Chapitre 33
Demain. Nous partions demain. Vers l'inconnu, vers l'au-delà, découvrir le monde et franchir l'horizon... Au départ, je n'avais pas su que faire de cette nouvelle. D'un côté, c'était ce que j'avais décidé avec Ace : explorer le monde, et rechercher d'autres dragons. Mais... d'un autre, ce départ signifierait dire au revoir à ma famille pour un long moment... et mes amis des autres escouades ? Ils partiraient dans plusieurs lunes, à en croire leurs maîtres... Ils allaient me manquer. Depuis toujours, j'avais grandi aux côtés d'Elta. C'était vraiment étrange de se dire que je ne la verrai pas pendant plusieurs lunes.
L'astre de feu répandait ses rayons sur mon village. Non, notre village. Une des seules choses qui me reliait encore à mes parents et à ... Non, pas à lui.
Valtarden allait me manquer... Ses stands remplis de Pierres d'Invocation le long de ses rues pavées, ses colombages et ses poutres d'angles sculptées, les dernières lumières des braseros s'éteignant dans la paisible fraîcheur nocturne... et cette falaise, du haut de laquelle je contemplais le crépuscule chaque soir.
Pourquoi fallait-il que ça s'arrête ? Peut-être, comme me l'avait suggéré Ace quelques heures auparavant, que j'avais besoin de renouveau, de changer de vie... et si ça m'aidait à aller mieux ?
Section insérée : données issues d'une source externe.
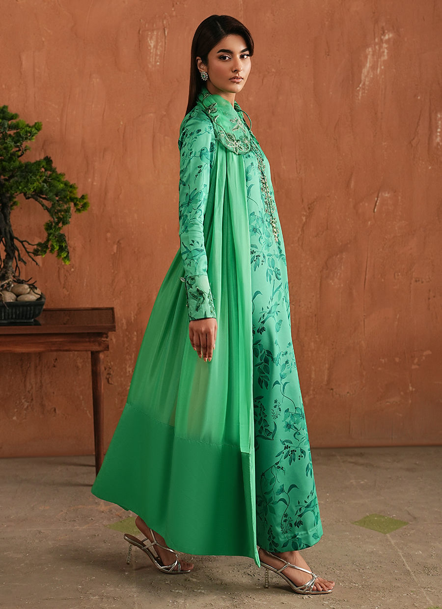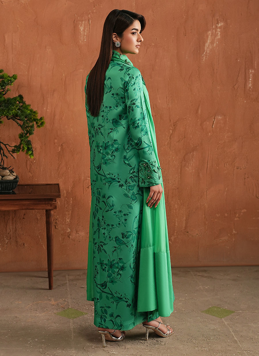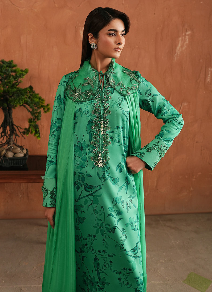 The collar sets a confident foundation, followed by a neckline finished with intricate handwork that defines the look. Subtle detailing along the sleeves adds depth to the green printed Shamoze Silk shirt, paired with straight trousers for a clean, balanced silhouette. Finished with a plain medium silk dupatta, Syla stands out as a key piece for Ramadan evenings that call for refinement, craftsmanship, and quiet confidence.

À cet instant-là, je pris vraiment conscience que j'avais peur. Peur de quitter la dernière chose qui me reliait encore à mes parents. Étais-je donc si faible que ça ?Je soupirai, et pressai mon pendentif dans ma paume pour me rassurer. Je fermai les yeux, et me remémorai ce jour merveilleux où j'avais invoqué mon dragon. Cela m'apaisait, souvent, et j'avais pris l'habitude de le faire quand je me sentais triste. Je soulevai mes paupières et contemplai le morceau de cristal rouge sombre.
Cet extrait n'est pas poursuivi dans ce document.